* AIM OF THE EXERCISE
Emit a verbatim copy of the lines below from the line with "Купить 1к квартиру 33 м² в ЖК Саларьево парк" through the line with "Según él, reofertar", excluding pictures and everything outside that range.

* DATA RECORDS
────────

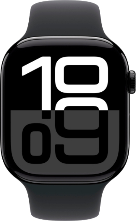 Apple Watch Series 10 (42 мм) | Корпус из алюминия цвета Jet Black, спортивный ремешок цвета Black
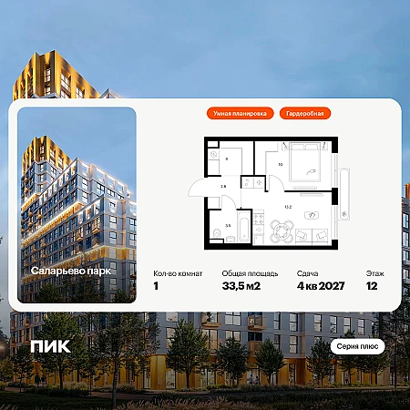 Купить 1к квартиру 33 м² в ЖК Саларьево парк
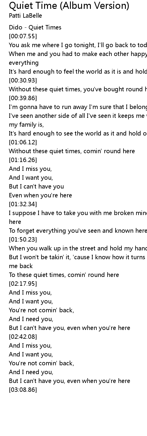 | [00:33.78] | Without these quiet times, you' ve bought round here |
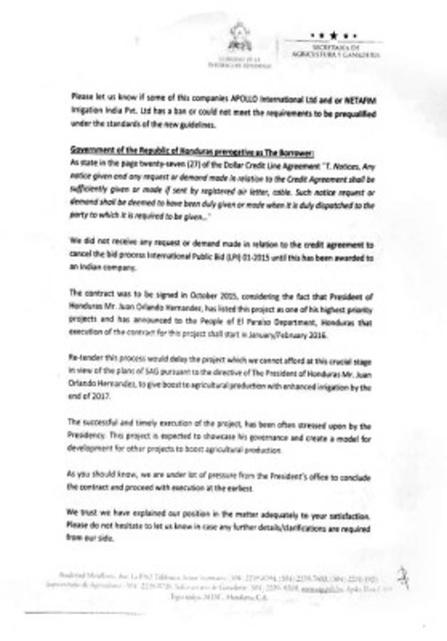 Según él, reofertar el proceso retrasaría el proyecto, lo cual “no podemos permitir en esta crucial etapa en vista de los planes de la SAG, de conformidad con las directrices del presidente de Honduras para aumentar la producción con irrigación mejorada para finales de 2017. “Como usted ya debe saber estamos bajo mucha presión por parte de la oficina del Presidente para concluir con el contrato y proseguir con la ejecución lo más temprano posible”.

────────

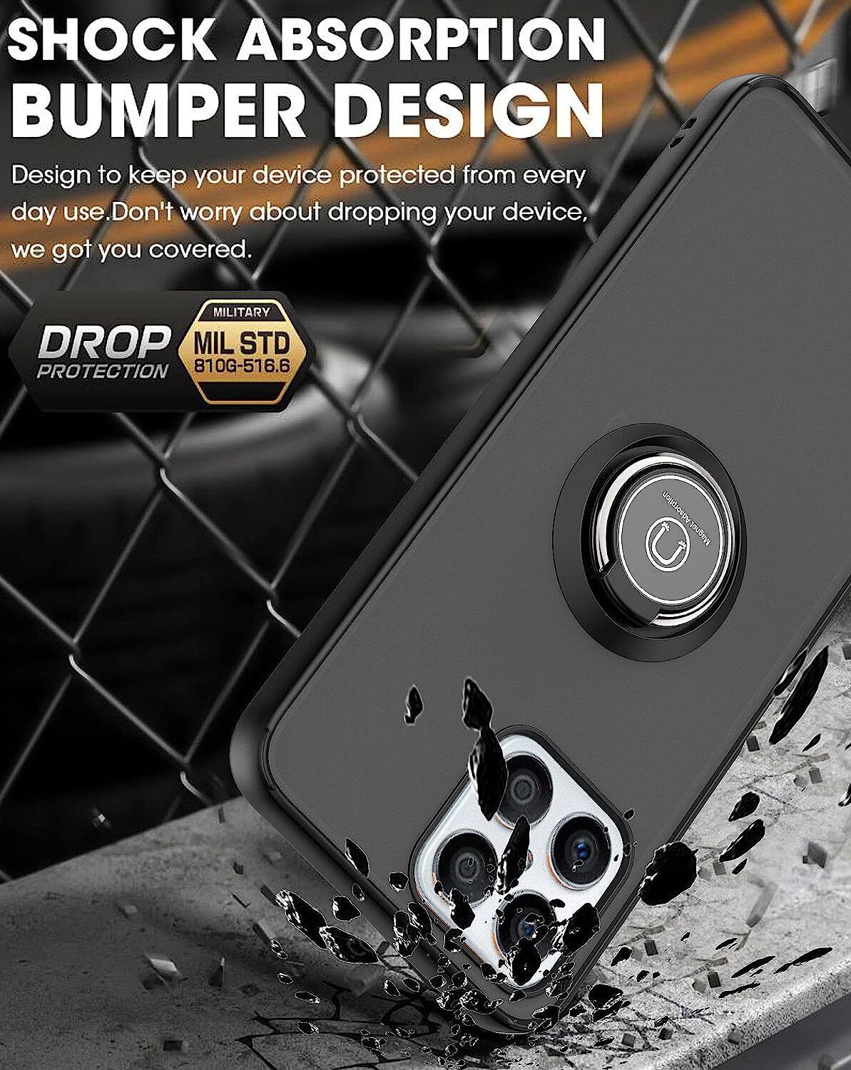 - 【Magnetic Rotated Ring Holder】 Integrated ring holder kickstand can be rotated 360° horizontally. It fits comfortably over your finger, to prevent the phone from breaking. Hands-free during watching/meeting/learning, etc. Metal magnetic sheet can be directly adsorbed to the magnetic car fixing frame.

────────

* SOLUTION FOR THIS PROBLEM
 Купить 1к квартиру 33 м² в ЖК Саларьево парк
 | [00:33.78] | Without these quiet times, you' ve bought round here |
 Según él, reofertar el proceso retrasaría el proyecto, lo cual “no podemos permitir en esta crucial etapa en vista de los planes de la SAG, de conformidad con las directrices del presidente de Honduras para aumentar la producción con irrigación mejorada para finales de 2017. “Como usted ya debe saber estamos bajo mucha presión por parte de la oficina del Presidente para concluir con el contrato y proseguir con la ejecución lo más temprano posible”.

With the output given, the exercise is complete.